What to Do About High Interest Rate Credit Cards
Why would someone refinance in today’s high interest rate environment?
You probably think no one is refinancing right now with interest rates in the high 6s. But that is not true. In March, I had five closings. Two were for purchases, but three were refinances. All this despite current high interest rates.
So, why would someone refinance in today’s interest rate environment? One reason is to change the title and buy out another spouse’s interest in a property due to separation and divorce. As many of you know, helping separating and divorcing clients with their mortgage needs is a focus of my practice.
Debt Consolidation
On the other hand, reason number two is more universal—debt consolidation. Last week, I met with a couple. They had a first mortgage of $300,000 at 4.5%, a home equity line (HELOC) of $200,000 at 9%, and credit card debt of $90,000 at an average rate of 22%. Their house was valued at approximately $950,000. The payments on all this debt were a struggle to meet each month.

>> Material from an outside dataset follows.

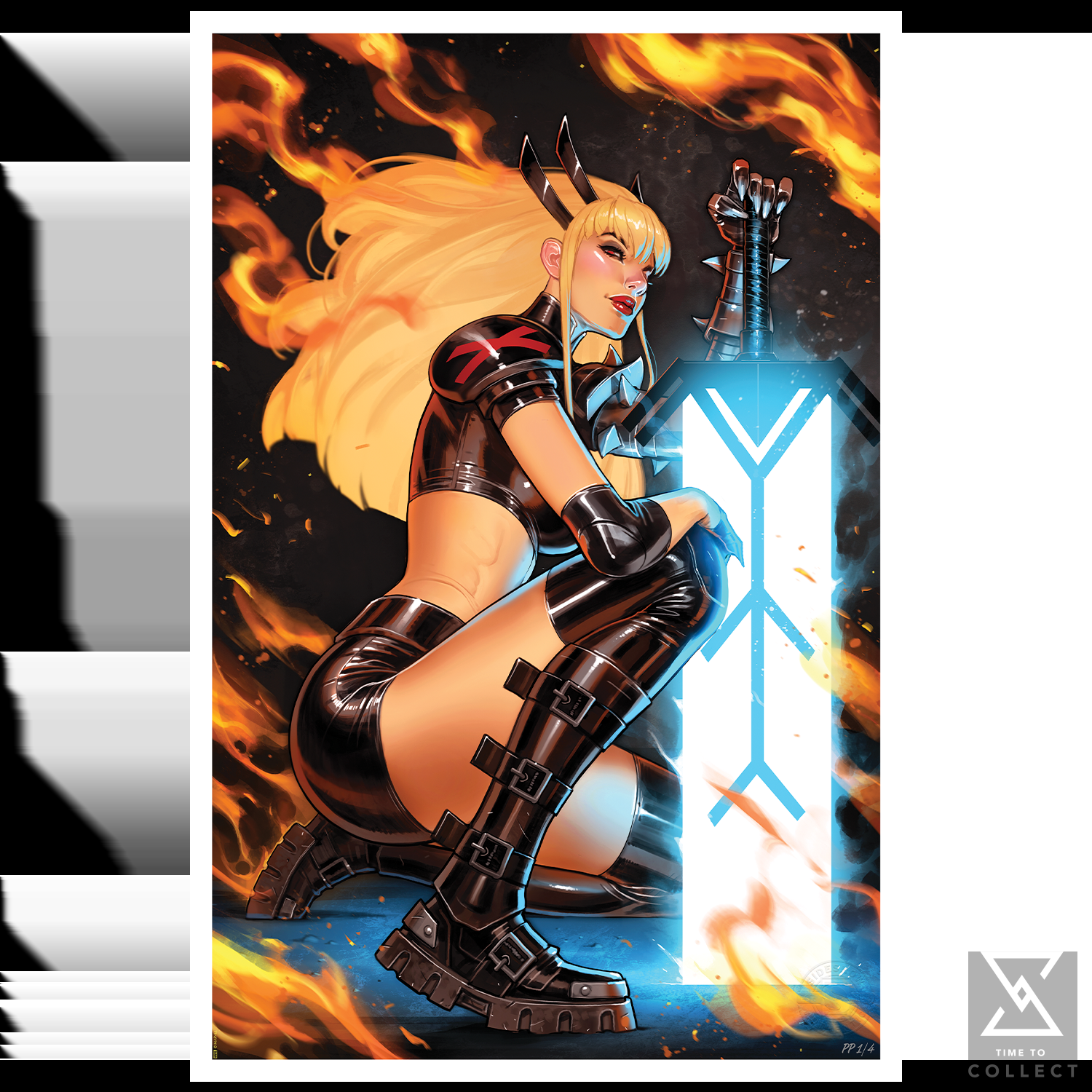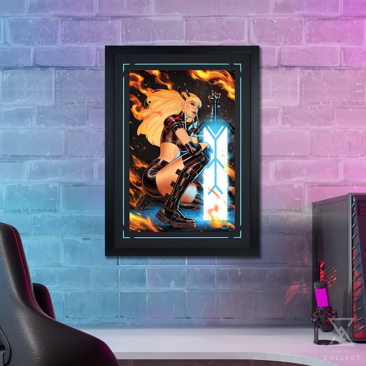 Originally created as a variant cover for Magik #1 (2024), written by Ashley Allen for Marvel Comics, this X-Men art is now available as an unframed giclée print or in a custom framed presentation. Each Magik Fine Art Print features an embossed Sideshow Seal of Authenticity as part of the limited edition of 200 pieces.
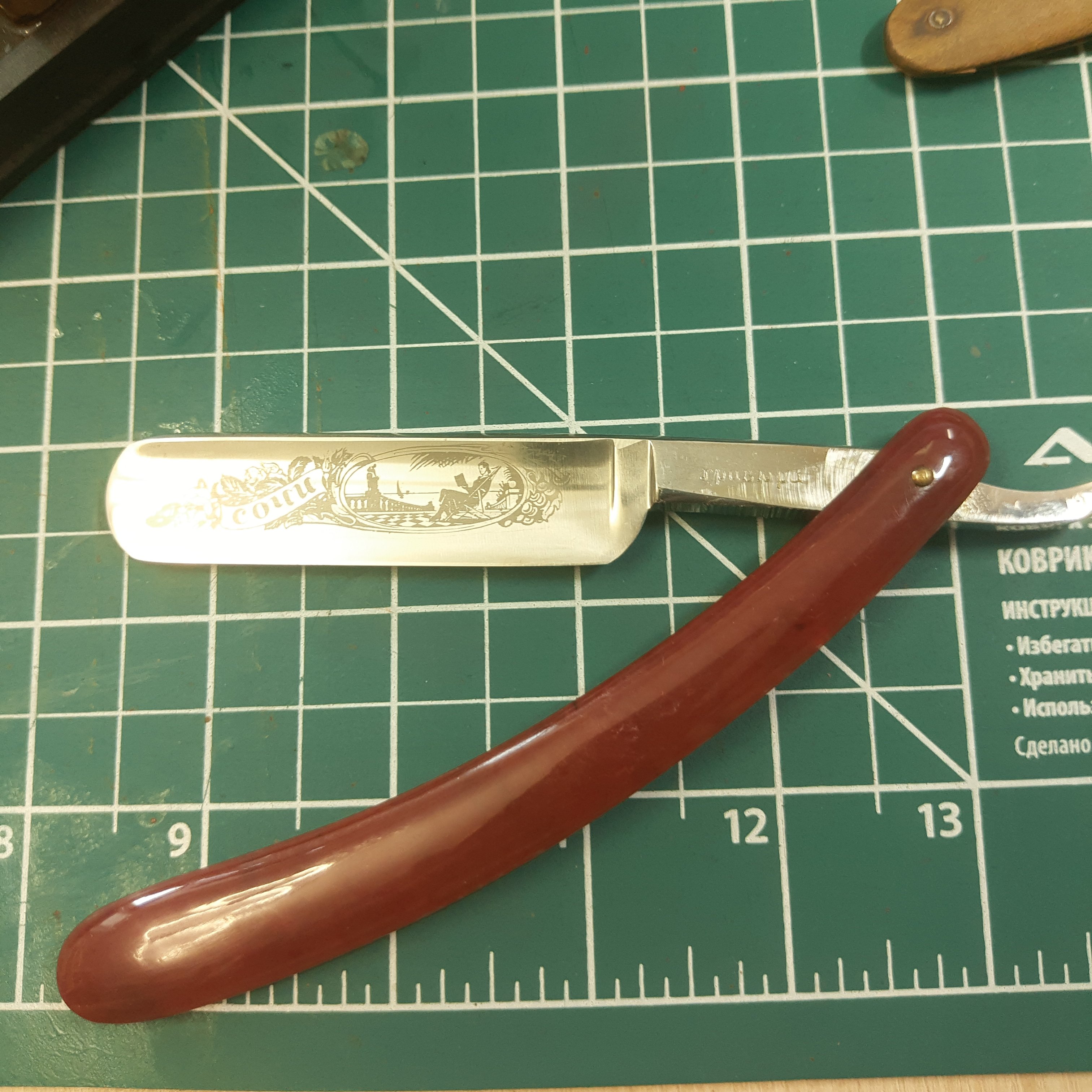 Самая "взрослая" бритва ориентировочно 1932-1934 года производства, с футляром, но без крышечки. С заводской заточкой, но со следами неправильного хранения.

One option to get them out of this financial struggle was to sell the house, pay off debt, and find somewhere less expensive to live. But they really did not want to leave their home, their neighbors, and their community. So, another option was to refinance. By refinancing and paying off the first mortgage, HELOC, and all the credit card debt, their monthly cash flow would improve by over $1000/month.
There are many reasons people enter the nightmare world of credit card debt. I don’t judge, and honestly, I have been there. In 2008 and 2009, I used credit cards to keep my business open. Was that a smart thing to do? Well, I still have my business and love what I do, so maybe? But the weight (and embarrassment) of the credit card debt was uncomfortable, and it took me five years to pay it off.